This kind of type is a reference to a slice, or slice reference. Its generic form is “&[T],” where T represents any type that can be contained in an array. Here, slice means subsequence of items inside a sequence of items. Such a larger sequence can be an array or a vector buffer. For this purpose, the implementation of a slice reference is a pair of values: the address of the first item of the sequence, and the number of items.

Notice that usually we have variables whose type is slice reference, but the use of a slice type, without considering a reference to it, is quite rare. A slice would have type “[T],” but such type cannot be passed as an argument to a function, because it has a size not defined at compilation time, and a requirement of the arguments of functions is that they have a compile-time defined size. Therefore, we can pass to a function only references to slices, not slices. Such objects are pairs of a pointer and a length, so their memory occupation is exactly twice that of normal references.

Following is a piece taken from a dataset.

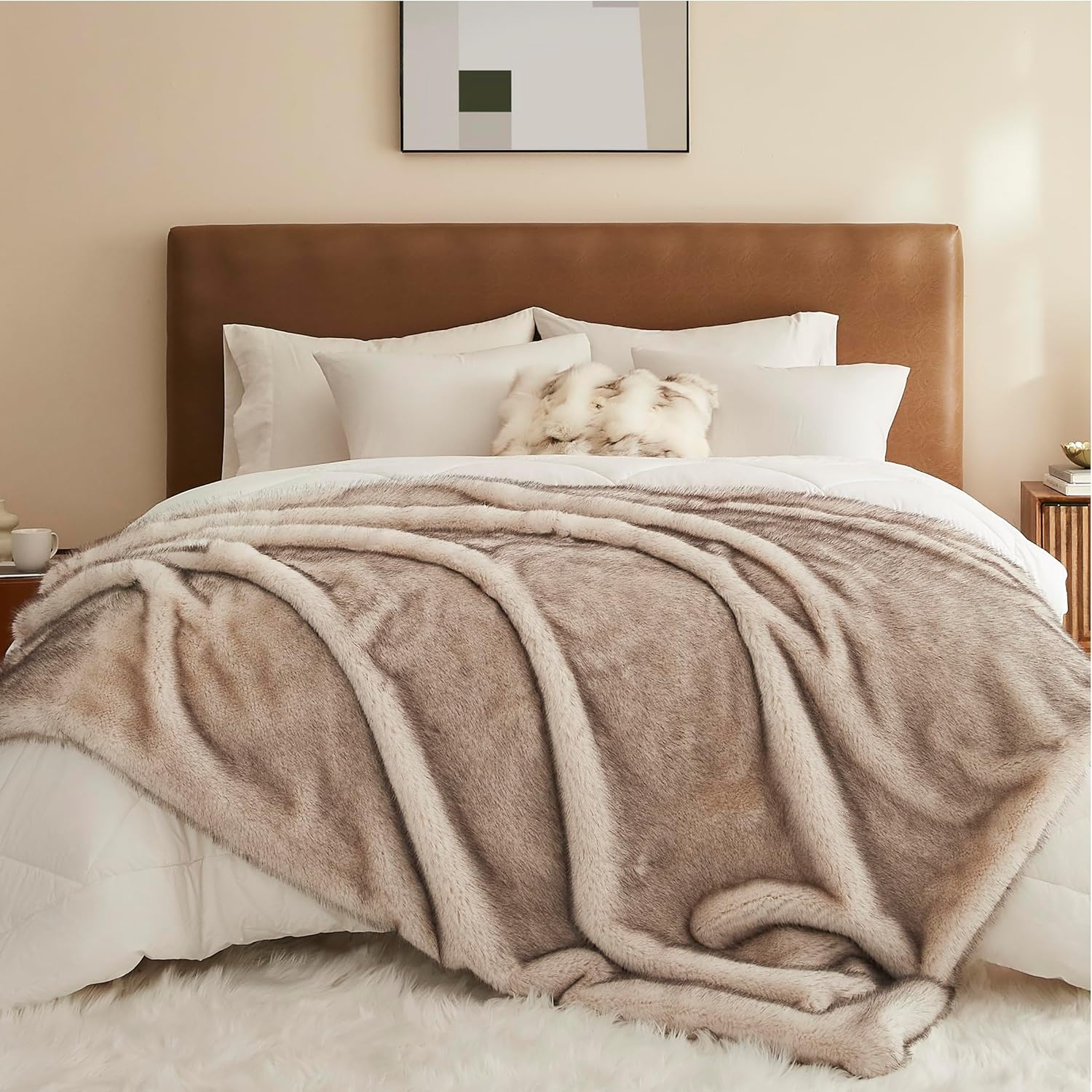 - All-Season Cozy: The fur throw blanket features a dual-sided design for year-round coziness, one side of luxurious fur providing warmth and elegance, while the reverse side is made of smooth velvety flannel, offering a silk-like touch, The breathable and plush construction of this fuzzy blanket maintain balance of warmth and lightness, making it ideal for winter snuggles or breezy summer nights

Using a slice reference is quite similar to using an array. The main implementation difference is that an invocation of the len function on an array can be optimized away, replacing it by the constant length defined by the type of the array, while an invocation of the len function on a reference to a slice is implemented as an access to the second field of such object.

Actually, in previous chapters we already saw something very similar to slices and to slice references: string buffers, and static strings.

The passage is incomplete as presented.